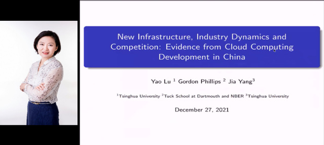 清华大学经管学院金融系副系主任陆瑶教授以“New Infrastructure, Industry Dynamics and Competition: Evidence from Cloud Computing Development in China”为主题,评估了云计算新基建基础设施对我国行业动态和竞争的影响。
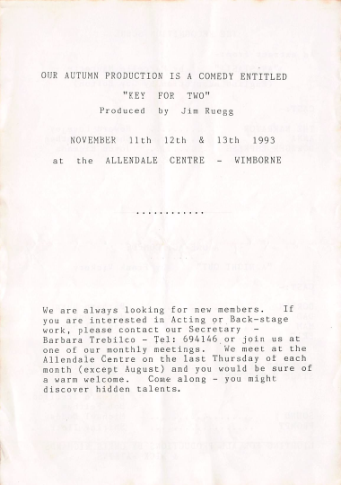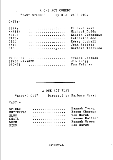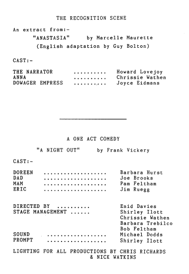 This is an amusing, subtle parody of the backstage goings-on of an amateur dramatic society. While N.J. Warburton’s play Don’t Blame It On the Boots centred on the onstage difficulties of the amateur dramatic society’s production of Hamlet, here we see the stage crew struggling to play their part against all the odds.
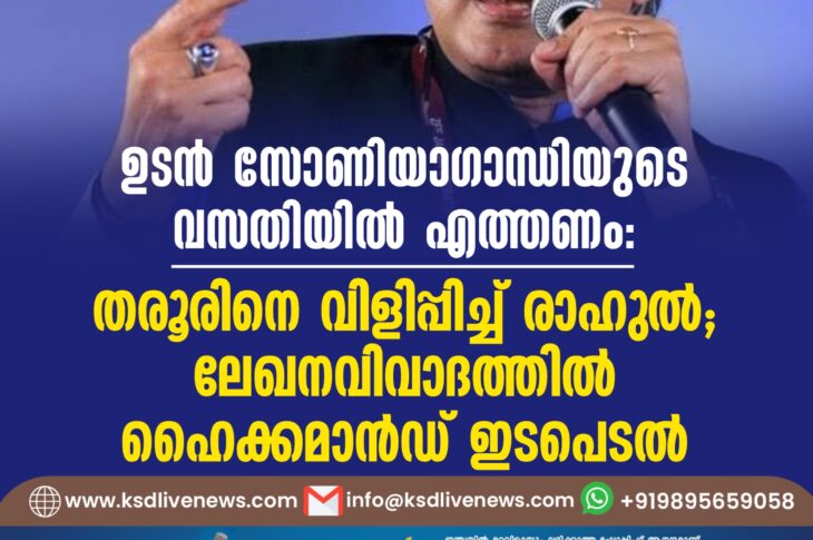 ദേശീയം ഉടൻ സോണിയാഗാന്ധിയുടെ വസതിയിൽ എത്തണം: തരൂരിനെ വിളിപ്പിച്ച് രാഹുൽ; ലേഖനവിവാദത്തിൽ ഹൈക്കമാൻഡ് ഇടപെടൽFebruary 18, 2025
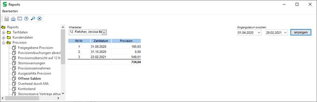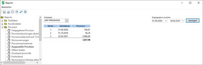 Im Report Freigegebene Provision erhalten Sie Einblick in alle Provisionen, die bereits für die Auszahlung freigegeben wurden, aber noch nicht zur Auszahlung gekommen sind.
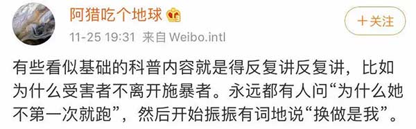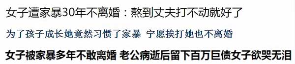 这给予我们的警醒不应该是拉个窝囊的女性做反面教材,用完美受害者的标准一刀砍下去,达不到标准的全都是自作自受。而是需要全社会一起帮助家暴受害者降低维权成本的问题;
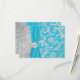 Turquoise and Silver Damask Quinceanera RSVP Card

What this task involves: Wherever a picture appears in the material above, skip it and copy the rest without change.

Task output:
 清华大学经管学院金融系副系主任陆瑶教授以“New Infrastructure, Industry Dynamics and Competition: Evidence from Cloud Computing Development in China”为主题,评估了云计算新基建基础设施对我国行业动态和竞争的影响。
 This is an amusing, subtle parody of the backstage goings-on of an amateur dramatic society. While N.J. Warburton’s play Don’t Blame It On the Boots centred on the onstage difficulties of the amateur dramatic society’s production of Hamlet, here we see the stage crew struggling to play their part against all the odds.
 ദേശീയം ഉടൻ സോണിയാഗാന്ധിയുടെ വസതിയിൽ എത്തണം: തരൂരിനെ വിളിപ്പിച്ച് രാഹുൽ; ലേഖനവിവാദത്തിൽ ഹൈക്കമാൻഡ് ഇടപെടൽFebruary 18, 2025
 Im Report Freigegebene Provision erhalten Sie Einblick in alle Provisionen, die bereits für die Auszahlung freigegeben wurden, aber noch nicht zur Auszahlung gekommen sind.
 这给予我们的警醒不应该是拉个窝囊的女性做反面教材,用完美受害者的标准一刀砍下去,达不到标准的全都是自作自受。而是需要全社会一起帮助家暴受害者降低维权成本的问题;
 Turquoise and Silver Damask Quinceanera RSVP Card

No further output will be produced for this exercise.